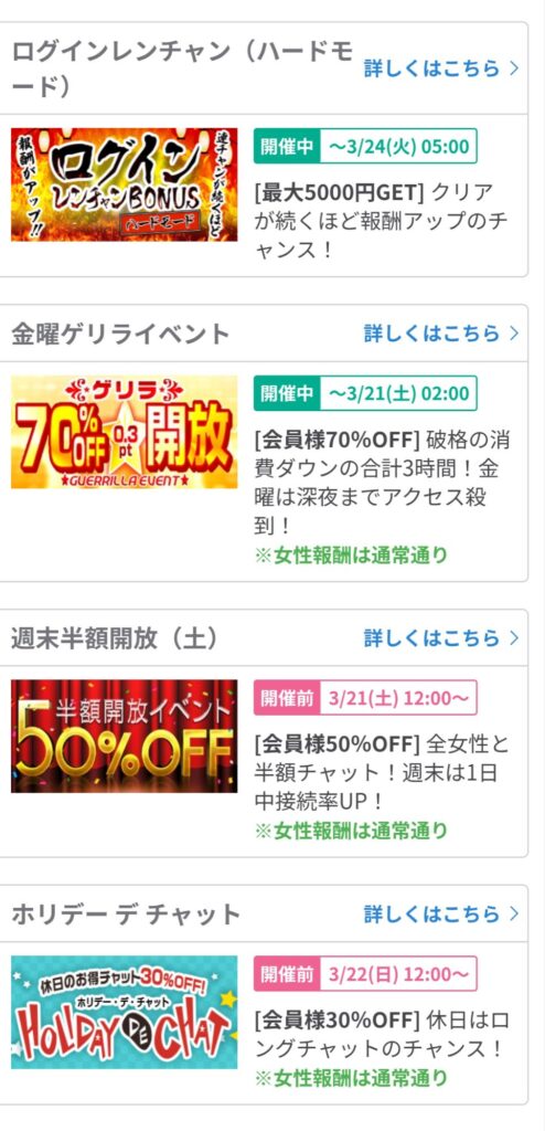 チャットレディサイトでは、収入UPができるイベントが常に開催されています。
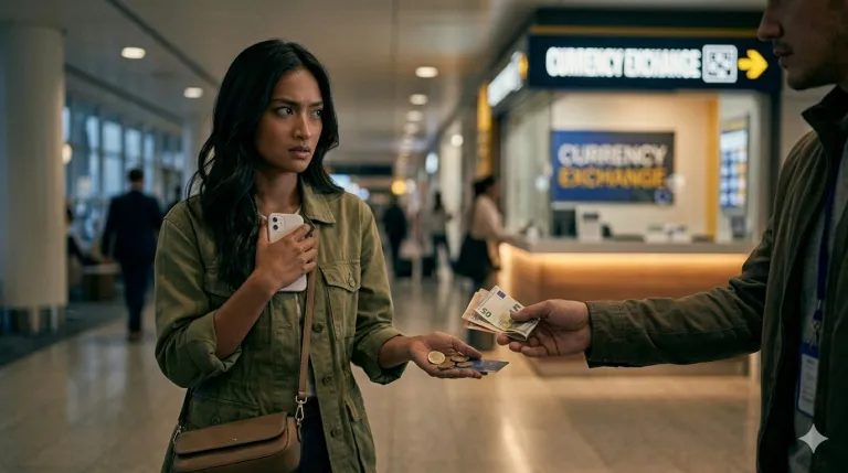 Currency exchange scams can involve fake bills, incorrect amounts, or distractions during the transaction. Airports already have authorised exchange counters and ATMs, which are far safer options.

==

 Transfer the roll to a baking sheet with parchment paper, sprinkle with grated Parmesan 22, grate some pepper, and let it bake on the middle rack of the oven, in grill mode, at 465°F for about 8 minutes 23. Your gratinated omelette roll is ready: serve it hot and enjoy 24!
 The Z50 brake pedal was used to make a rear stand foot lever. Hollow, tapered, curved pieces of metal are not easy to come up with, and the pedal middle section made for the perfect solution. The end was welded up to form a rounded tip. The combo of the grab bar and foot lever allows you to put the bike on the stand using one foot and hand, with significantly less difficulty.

--

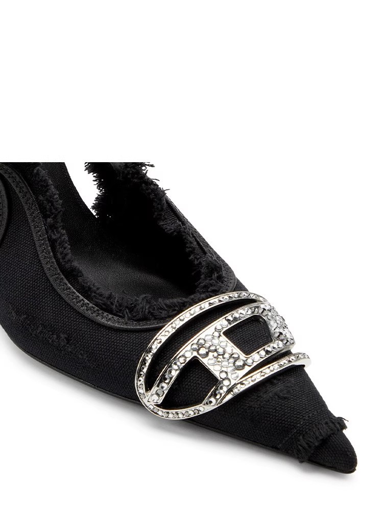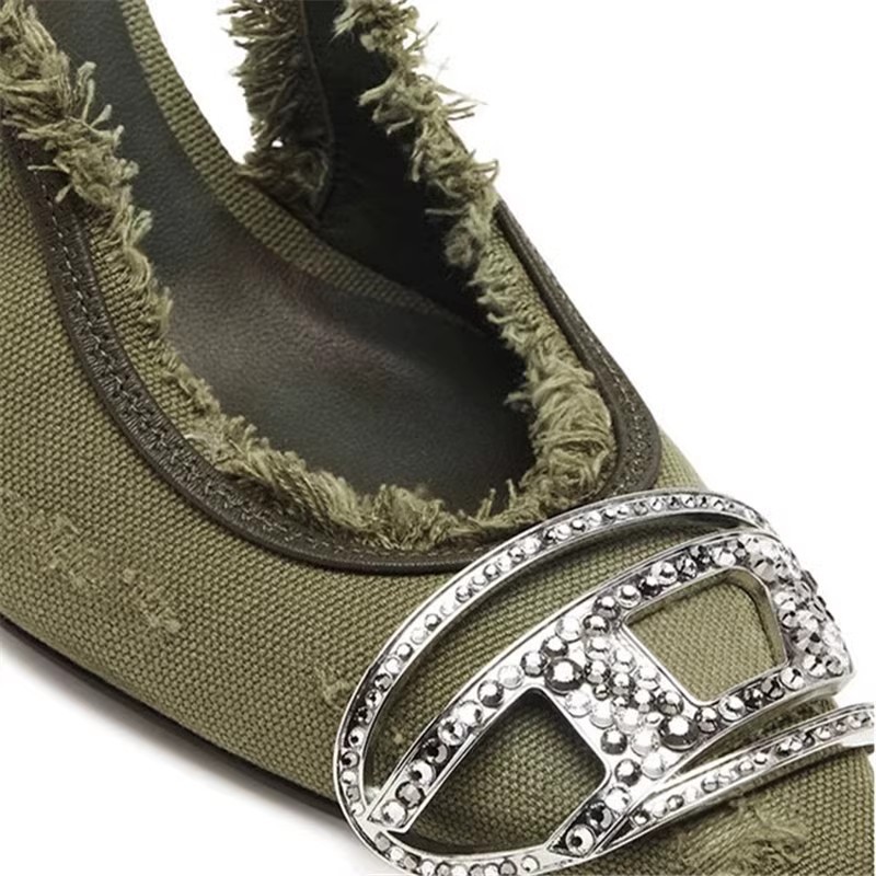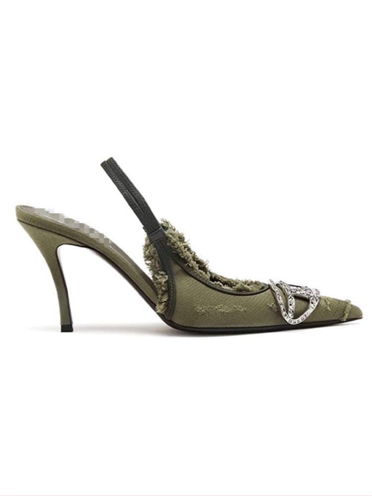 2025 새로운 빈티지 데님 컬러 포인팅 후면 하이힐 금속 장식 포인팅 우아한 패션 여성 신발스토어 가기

> Problem requirements:
Output only the lines above from the one containing "チャットレディサイトでは、収入UPができるイベントが常に開催されています。" to the one containing "Currency exchange scams", both included, exactly as written and with no pictures.

> Worked solution:
 チャットレディサイトでは、収入UPができるイベントが常に開催されています。
 Currency exchange scams can involve fake bills, incorrect amounts, or distractions during the transaction. Airports already have authorised exchange counters and ATMs, which are far safer options.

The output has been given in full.